The mole concept is a fundamental chemical measurement that helps quantify the amount of substance. A mole represents \(6.022 \times 10^{23}\) particles, which could be atoms, molecules, ions, or electrons. In the context of the electrolysis of potassium iodide, the mole concept helps convert the measured volume and concentration of substances into a number that corresponds to the actual amounts involved in the reactions.Using the mole concept with stoichiometry, we can calculate the necessary reactants and predict the products of a chemical reaction. For example, the determination of iodine (\(\text{I}_2\)) formed via electrolysis depends significantly on converting molarity and volume into moles, which is key for calculating current efficiency.

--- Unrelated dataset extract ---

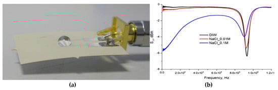 (a) Microwave flexible sensor with 20 µL of water sample placed the silver IDEs and (b) its output sensing response comparing deionized water (DIW), and 0.01 and 0.1 M of NaCl. Reproduced with permission from [49] © 2020 IOP Publishing Ltd.

The Intricacies of Redox Reactions

Redox reactions, or reduction-oxidation reactions, involve the transfer of electrons between species. In these reactions, one substance is oxidized by losing electrons, while another is reduced by gaining electrons. Electrolysis of a compound like potassium iodide is a classic example of a redox reaction.In the given exercise, the iodide ion (\(\text{I}^-\)) loses electrons to become iodine (\(\text{I}_2\)) at the anode, exemplifying oxidation. Understanding redox processes is vital for manipulating and harnessing chemical reactions in electrochemical cells. By analyzing how electrons are transferred, one can comprehend the oxidation states and balance chemical equations necessary for accurate computations in electrolysis.